Provided material:
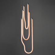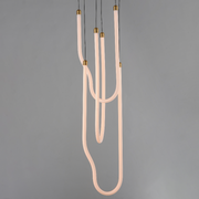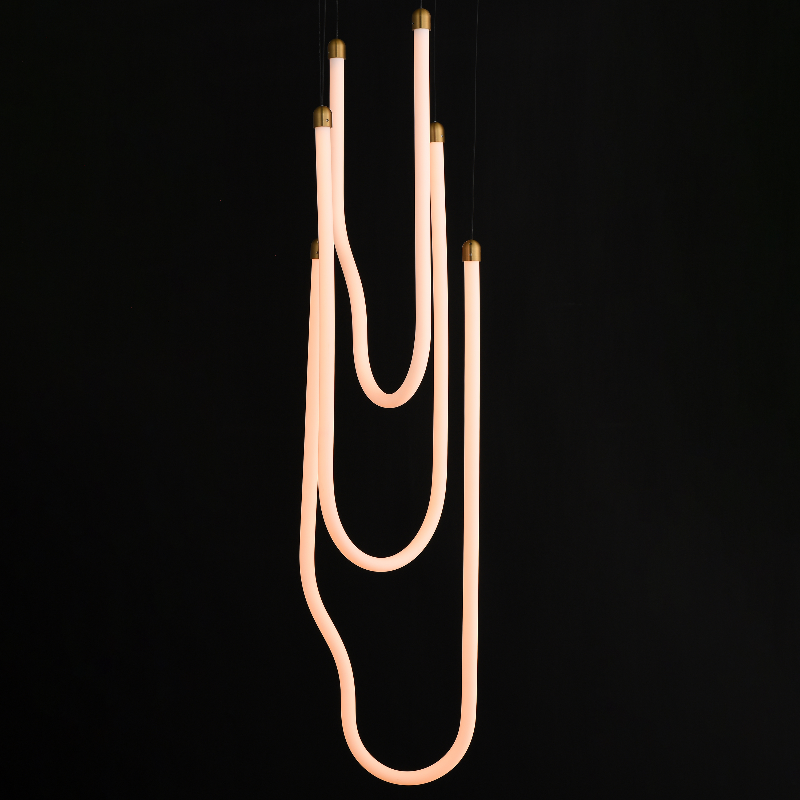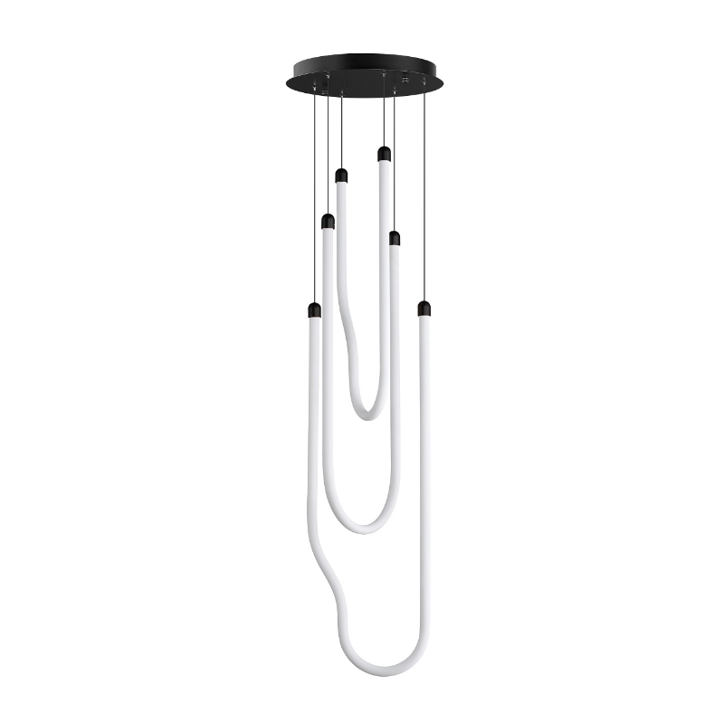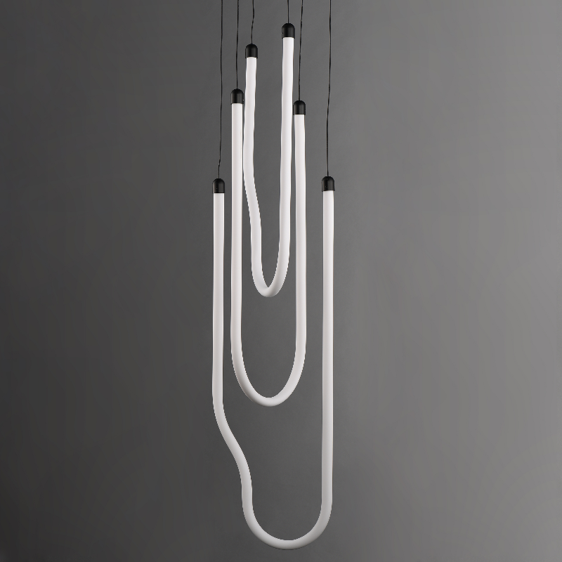 Sweeping matte white acrylic tubes encase an omnidirectional LED light source, arranged in abstract configurations inspired by solar flares. Minimal in composition yet dramatic in form, the Soleil collection offers a striking lighting solution.
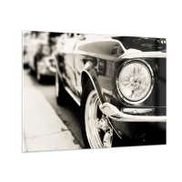 Cuadro sobre vidrio - Impresiones sobre Vidrio - Primer plano del frontal de un coche clásico en sepia. - 70x50cm - Brillo perdurable - Decoración de pared moderna para salón y dormitorio ARTTOR
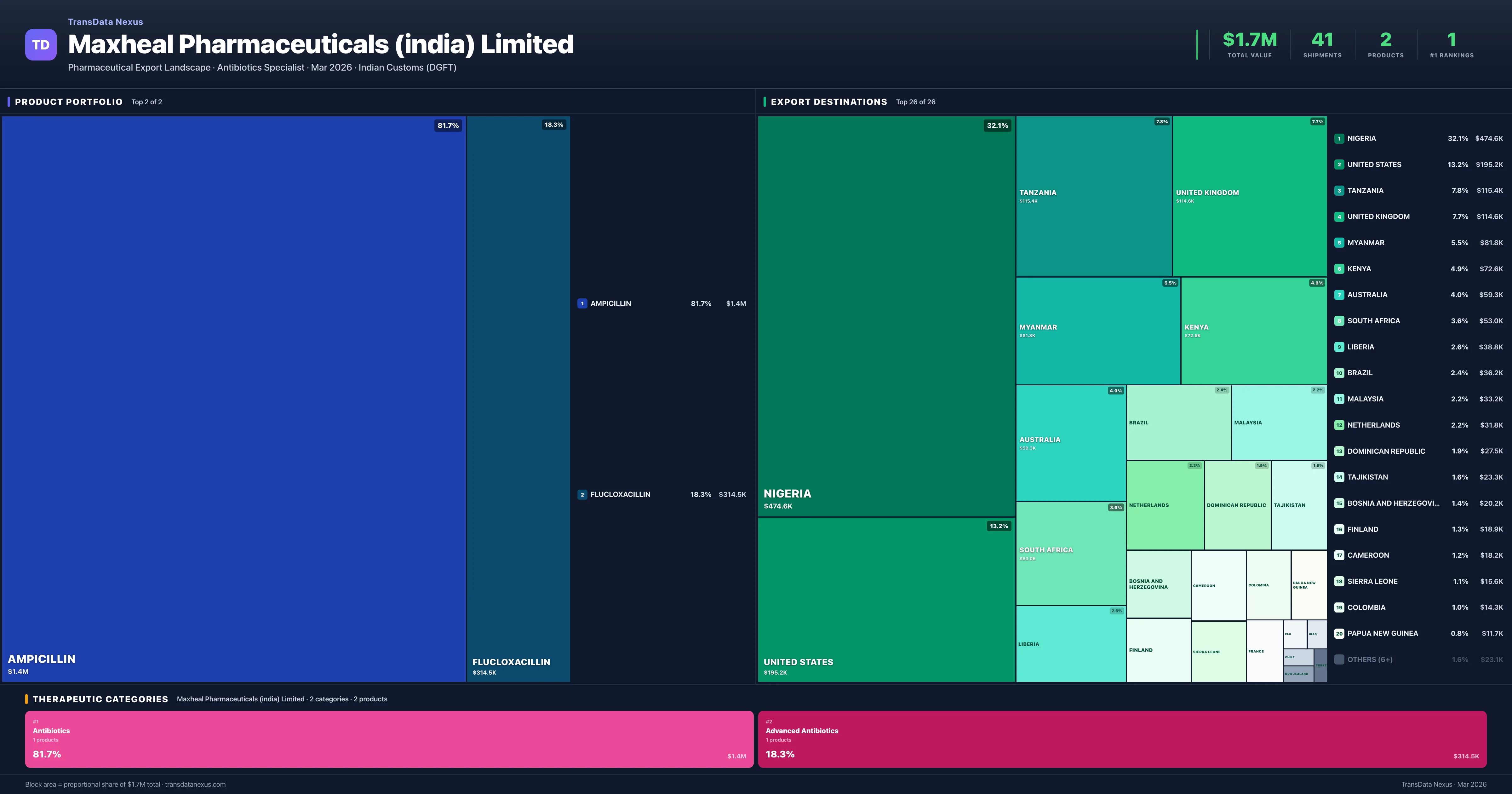 Maxheal Pharmaceuticals (india) Limited is an Indian pharmaceutical exporter with a total trade value of $1.7M across 2 products in 2 therapeutic categories. Based on 41 verified export shipments from Indian Customs (DGFT) records, Maxheal Pharmaceuticals (india) Limited is the #1 Indian exporter in 1 product including Ampicillin. Top exports include Ampicillin ($1.4M), Flucloxacillin ($314.5K), .

About this task: From the first line to the last, copy the listing above exactly, dropping all images.

Solution for this task:
 Sweeping matte white acrylic tubes encase an omnidirectional LED light source, arranged in abstract configurations inspired by solar flares. Minimal in composition yet dramatic in form, the Soleil collection offers a striking lighting solution.
 Cuadro sobre vidrio - Impresiones sobre Vidrio - Primer plano del frontal de un coche clásico en sepia. - 70x50cm - Brillo perdurable - Decoración de pared moderna para salón y dormitorio ARTTOR
 Maxheal Pharmaceuticals (india) Limited is an Indian pharmaceutical exporter with a total trade value of $1.7M across 2 products in 2 therapeutic categories. Based on 41 verified export shipments from Indian Customs (DGFT) records, Maxheal Pharmaceuticals (india) Limited is the #1 Indian exporter in 1 product including Ampicillin. Top exports include Ampicillin ($1.4M), Flucloxacillin ($314.5K), .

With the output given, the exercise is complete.